De pronto, quedaron demasiado cerca.

Tenerlo así frente a ella le resultaba extrañamente familiar y, al mismo tiempo, lejano.

—Tres años sin verte y veo que ahora tienes más carácter.

Sebastián le sujetó la muñeca y pasó lentamente el pulgar sobre su piel.

—¿No te dije que no volvieras? Valeria, ¿por qué te cuesta tanto hacer caso?
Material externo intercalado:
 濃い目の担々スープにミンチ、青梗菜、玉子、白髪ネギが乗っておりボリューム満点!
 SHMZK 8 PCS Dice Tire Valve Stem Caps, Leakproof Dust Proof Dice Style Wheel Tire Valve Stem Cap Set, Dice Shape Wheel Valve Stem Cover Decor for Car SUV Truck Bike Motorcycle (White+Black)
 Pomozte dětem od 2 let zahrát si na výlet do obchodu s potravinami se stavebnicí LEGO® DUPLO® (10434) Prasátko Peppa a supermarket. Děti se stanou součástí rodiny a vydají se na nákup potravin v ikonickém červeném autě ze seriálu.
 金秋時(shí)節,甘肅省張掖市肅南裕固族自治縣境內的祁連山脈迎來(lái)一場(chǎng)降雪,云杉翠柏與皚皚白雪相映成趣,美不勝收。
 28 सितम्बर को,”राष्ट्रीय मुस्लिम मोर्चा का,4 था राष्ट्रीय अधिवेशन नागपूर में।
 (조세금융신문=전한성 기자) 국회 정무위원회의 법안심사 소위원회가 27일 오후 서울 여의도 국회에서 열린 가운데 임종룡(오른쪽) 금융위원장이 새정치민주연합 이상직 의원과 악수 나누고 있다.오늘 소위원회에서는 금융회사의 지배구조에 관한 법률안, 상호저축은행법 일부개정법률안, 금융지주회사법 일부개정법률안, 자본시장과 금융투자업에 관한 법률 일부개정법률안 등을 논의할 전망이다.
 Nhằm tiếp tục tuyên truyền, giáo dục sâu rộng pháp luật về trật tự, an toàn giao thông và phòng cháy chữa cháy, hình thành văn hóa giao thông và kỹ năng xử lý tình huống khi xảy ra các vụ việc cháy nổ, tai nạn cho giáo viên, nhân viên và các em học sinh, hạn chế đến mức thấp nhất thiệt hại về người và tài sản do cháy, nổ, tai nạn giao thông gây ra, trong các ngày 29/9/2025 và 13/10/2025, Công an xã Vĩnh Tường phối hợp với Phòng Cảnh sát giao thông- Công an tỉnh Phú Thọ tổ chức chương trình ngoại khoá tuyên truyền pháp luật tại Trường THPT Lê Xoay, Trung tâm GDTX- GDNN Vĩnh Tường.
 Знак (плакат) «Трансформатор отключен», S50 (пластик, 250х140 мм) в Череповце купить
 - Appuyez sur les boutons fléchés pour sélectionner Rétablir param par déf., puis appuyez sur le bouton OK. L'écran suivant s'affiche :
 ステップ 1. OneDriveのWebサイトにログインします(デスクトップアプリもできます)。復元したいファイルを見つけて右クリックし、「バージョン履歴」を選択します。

—Sebastián —dijo Valeria mientras le apartaba la mano de un manotazo y desviaba la mirada—. Este también es mi lugar. Vuelvo cuando se me da la gana. Tú no tienes ningún derecho a impedírmelo.

Hizo una pausa antes de añadir:

—Además, hace mucho que dejaste de importarme.

—Se te da bastante bien fingir —dijo Sebastián con una risa cargada de desdén.

Luego le sujetó la nuca y la acercó a él de un tirón.

—¿Qué pasa? ¿No soportas verme con Camila?

La miró fijamente.

—Volviste justo ahora porque tienes miedo de que de verdad me case con ella. Si todavía te importa, podrías simplemente…

—Sebastián.

Valeria no tenía la menor intención de seguir escuchando sus tonterías.

Con evidente fastidio, levantó la mano derecha y le mostró el sencillo anillo que llevaba en el dedo anular.

—Ya estoy casada.

Sebastián se quedó inmóvil por un instante.

La expresión se le congeló en el rostro.

Luego, como si acabara de escuchar algo absurdo, una sonrisa burlona apareció en sus labios.

—¿Casada? ¿Con quién? ¿No te parece un poco ridículo inventarte algo así?

Bajó la mirada hacia su mano.

—¿Y qué se supone que demuestra ese anillo?

Su sonrisa se hizo más evidente.

—El anillo de compromiso que yo te regalé tenía un diamante rosa de diez quilates. ¿Y ahora quieres hacerme creer que terminaste conformándote con un anillo así de sencillo?

—Valeria, nunca has sabido mentir.

—Porque se me da la gana —respondió Valeria, arqueando una ceja sin dejarse intimidar—. Si quiero a alguien, me da igual si me da una alianza sencilla o un anillo de lujo. Lo que vale para mí no depende de cuánto haya costado.

Después añadió con calma:

—No todo el mundo mide el valor de las cosas como tú.

Valeria no tenía ninguna intención de explicarle que aquella alianza aparentemente sencilla era una joya heredada durante generaciones en la familia Salazar y, además, distinguía a la señora de la familia.

Y su esposo, Adrián Salazar, no era precisamente un desconocido para Sebastián. Era uno de sus rivales más difíciles. Y también el hombre al que más detestaba.